In “Event Complete” (P103), one notes that in this case the “Hearing-Other”, which Defendant participated in without even being aware of it, was in fact the “on the record” proceeding in this case. The “Status Conference” was in fact an “off the record” proceeding here.

At the end of the “Event” note, and also at the end of “Event Complete” one

finds a manually entered comment as part of the language of the minute order:

“jt 9-07-07”

Obviously, Jury Trial (albeit, the record indicates parties agreed to non-jury

trial) date was still manually carried, not entered in Sustain, and here Judge

Connor forgot that just two days earlier she continued it to Jan 11, 2008.

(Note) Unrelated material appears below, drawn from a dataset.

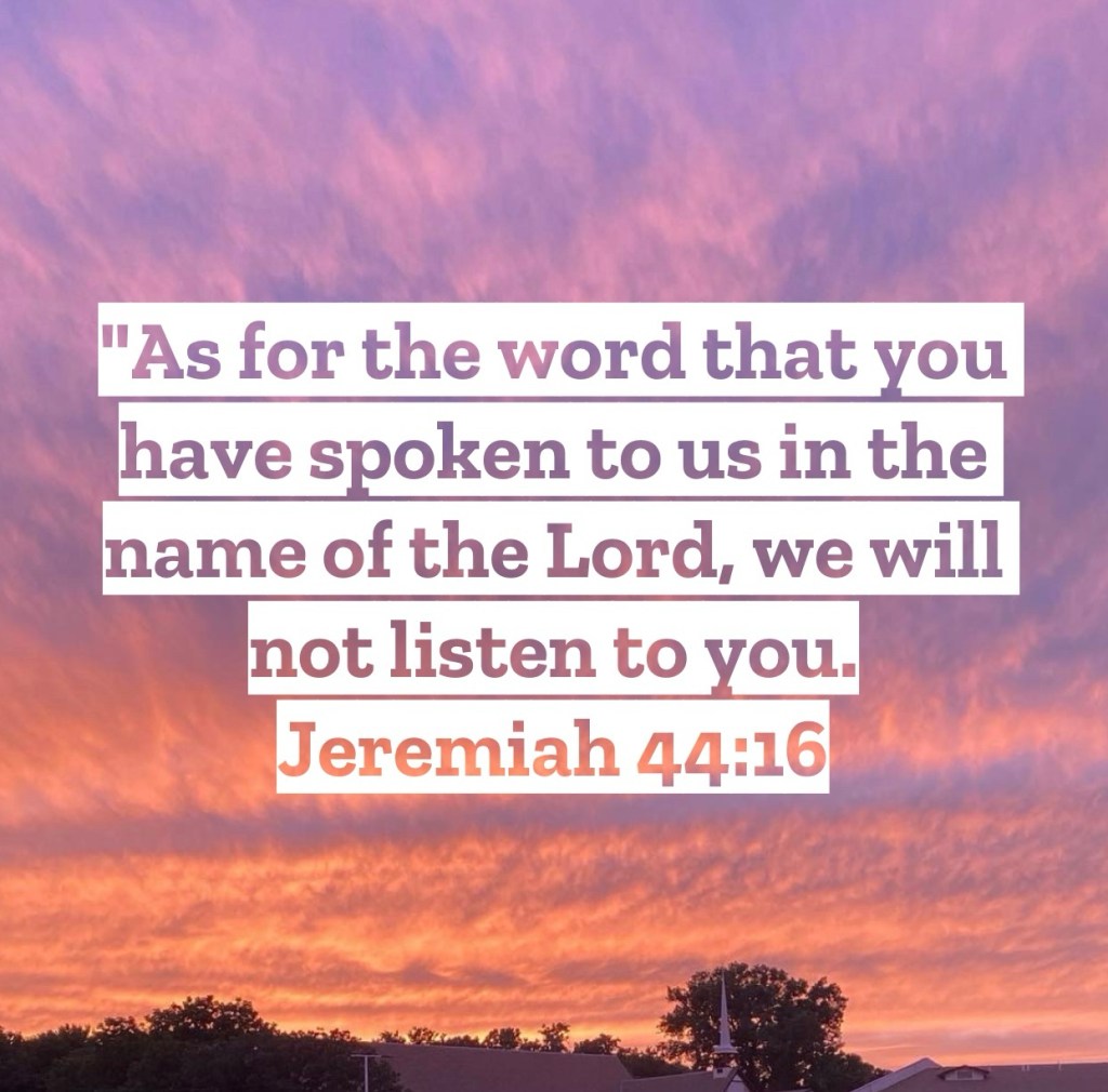 As for the word that you have spoken to us in the name of the Lord, we will not listen to you. Jeremiah 44:16 – If nothing else, we have to give it to the people of Judah for their honesty. There wasn’t any façade put on here, no pretending to be a follower of God anymore. They understood what Jeremiah was speaking to them were the words of the Lord, but they were choosing not to listen. They believed they had received far more blessing in their life when they worshipped idols than when they worshipped the Lord. In their opinion life was better and more plentiful when they served idols, and they were allowed to freely take part in the things they weren’t allowed to do under God’s rule. When Jeremiah then told them to turn to follow the Lord, their response was a flat no. The idols gave them more than God did, so why turn? Oh how deceived these people were. This is one of the enemy’s favorite plays, to cause us to believe we are finding more away from God than with God. It is true, away from the Lord we’ll be able to find more allowances to do all the things our fleshly desires want to do. Sin isn’t held back from us when we aren’t following the Lord, and it can appear that we are finding so much more in this life down that path. Yet those who’ve walked after sin long enough know what is found along that path is not freedom, plenty, and joy, but slavery, lack, and death. Know the deception that the people of Judah fell into is a deception the enemy is seeking to lead you into. His aim is to convince you that you will find more following him than following Jesus. Hear the truth and read the truth from scripture, only following the Lord will provide you with the life you truly desire. While the enemy offers momentary pleasure, Jesus offers eternal joy. I love you, but Jesus loves you more – Mac – Daily DEVO 3274

h. On Sept 14, 2007, the Supervising Judge, the Hon Rosenberg, secretly filed documents in the file, with no notice to litigants.

On page 113 in Case History one finds the following entry:

  • 09/14/07 Document Filed

    Memo

    Miscellaneous- Other

    Dism-Plaintiff In Pro Per

    (2) Documents received by facsimile

    service and filed per the direction of the

    Supervising Judge of the West District

    the Honorable Gerald Rosenberg.

    Filed By ZERNIK, JOSEPH Defendant

The record copied above, in full, is probably the reduced essence of the use of

Sustain as an instrument of fraud on Defendant Zernik in the West District, LA

Superior Court:

  • 1. The notice is cryptic and deliberately misleading.
  • 2. No notice was given to litigant of this unusual filing.

    3. Nobody expected that Zernik would ever lay his hands on Case

    History by Sustain. In fact, among the numerous attorneys Zernik

    questioned on this point, none ever obtained Sustain records during

    litigation, except that some, but a minority, get Minute Orders at times.
  • 4. The honorable Gerald Rosenberg is:

    Not – Zernik, Joseph – Defendant, and also

    Not – Dism-Plaintiff in Pro Per

This unusual filing is nothing less than direct intervention by the Supervising

Judge, who preached to Defendant Zernik his lack of authority to even vacate

the groundless minute order filed after disqualification by a judge lacking in

authority at all. Obviously the Supervising Judge is authority to hear motions

to vacate judicial acts, under the stipulations prescribed by law.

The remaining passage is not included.